夕方見るとさらにその姿は神秘的なものだ。しかし、口調はというと
「あっちいっててよ!腹立つやつ」
とても伯爵令嬢とは思えない、口の悪さにフィオラは眼をまるくしているほかない。
「…リステル伯爵令嬢さま、あの、おうちのかたはどうなさったの?」
言えるとしたらそれくらいだった。フィオラにとって、貴族令嬢がこれほど荒っぽい言動をするというのを、みたことがなかったからだ。
それをきくと、アリアナはギャーッと叫び声をあげて泣き出した。
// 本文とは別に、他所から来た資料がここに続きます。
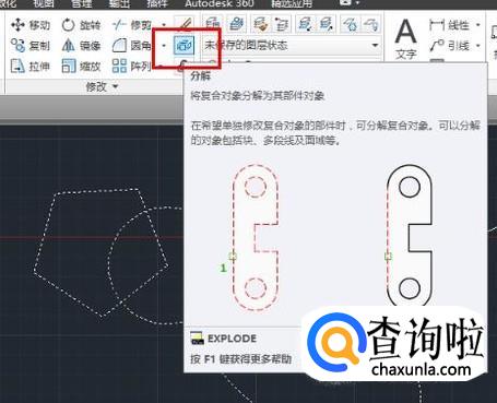 选中块2,点击上方的“分解”按钮。分解完成图如下:
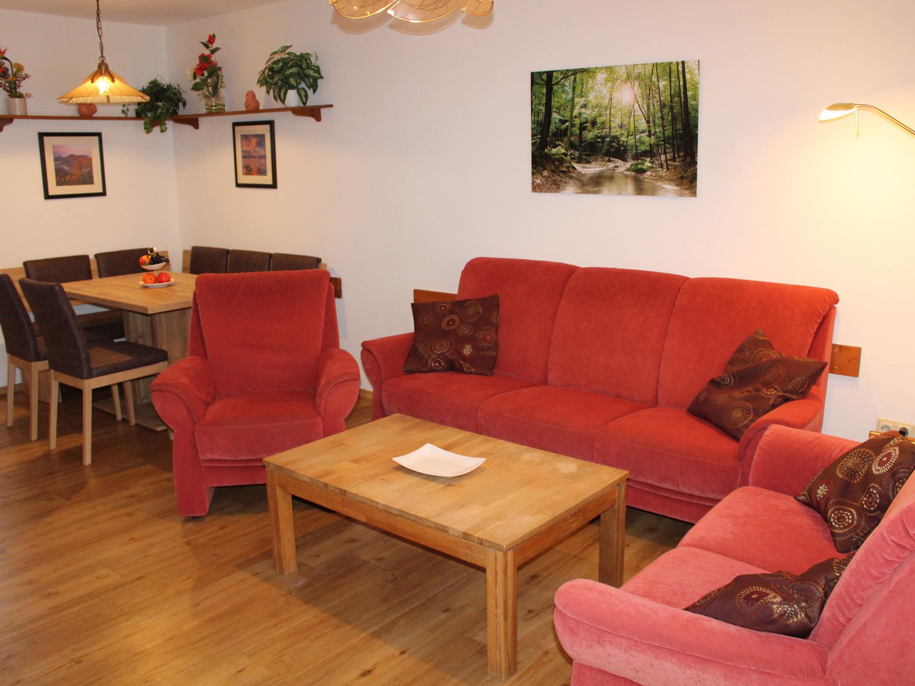 Unser liebevoll eingerichtetes Wohnzimmer mit integrierter Eßecke ist ausgestattet mit einer neuen Sitzgruppe, bestehend aus einer 3-Sitzer und einer 2-Sitzer-Couch, sowie einem bequemen Einzelsessel, neuer Schrankwand mit Fernseher, CD-Radio und Telefon.
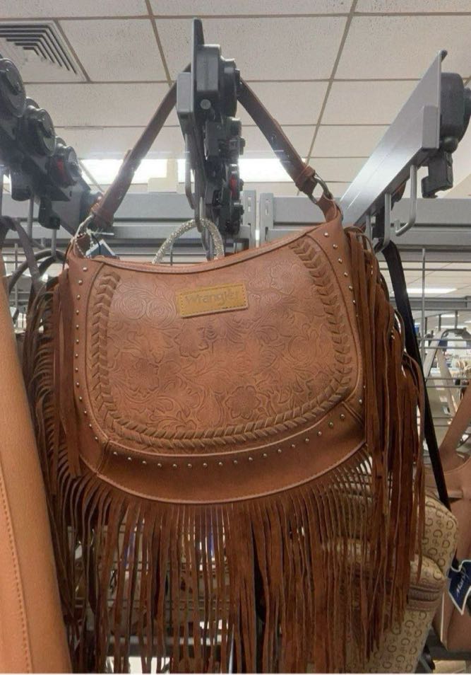 A stylish brown handbag featuring intricate floral embossing and fringe detailing.
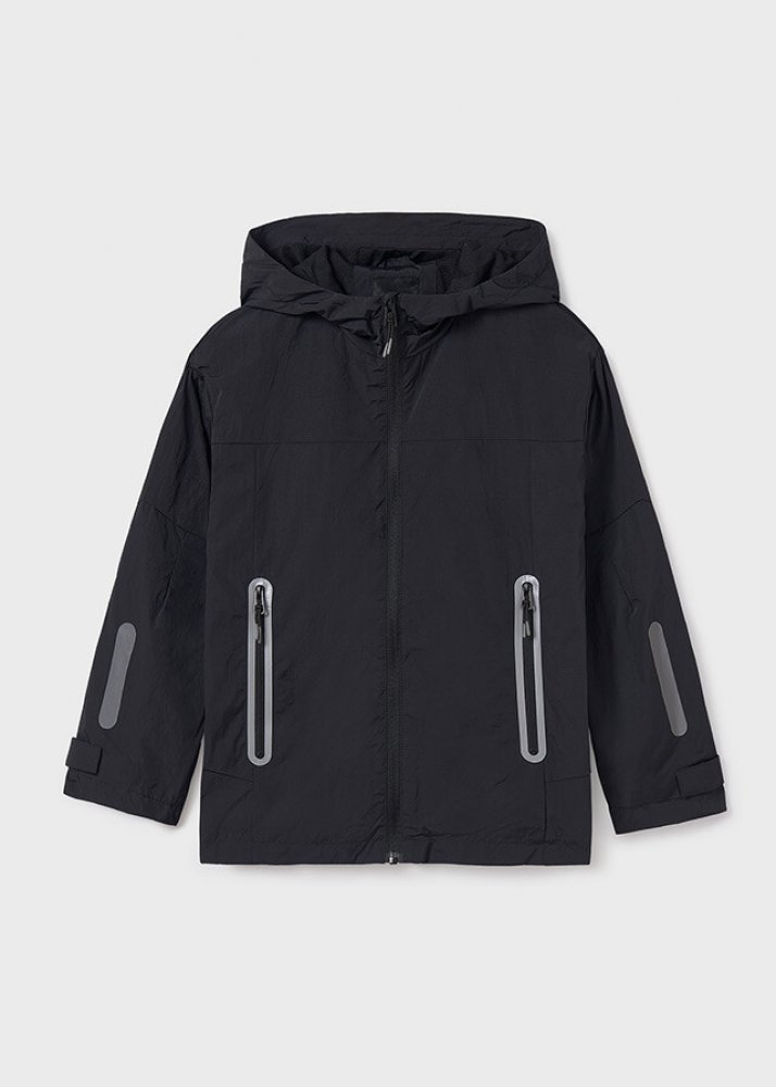 Mayoral chlapecká šusťáková bunda s kapucí. bunda je z příjemného, lehoučkého materiálu. Na přední straně je zip a dvě funkční kapsy. Na rukávech a kolem kapes jsou reflexní aplikace.

耳を貫くような幼児の泣き声に、アリアナは戸惑い、一瞬耳をふさいだ。
目を閉じると、遠退く泣き声にまた昔の記憶が甦る。
フィロニア王妃は三人の男子を育てていた。
自分の産んだ息子は産まれて三月もしないうちに、反乱を企てた罪を着せられ処刑されたので、乳が出るということでミアの産んだ息子の乳母がわりをしていたのだ。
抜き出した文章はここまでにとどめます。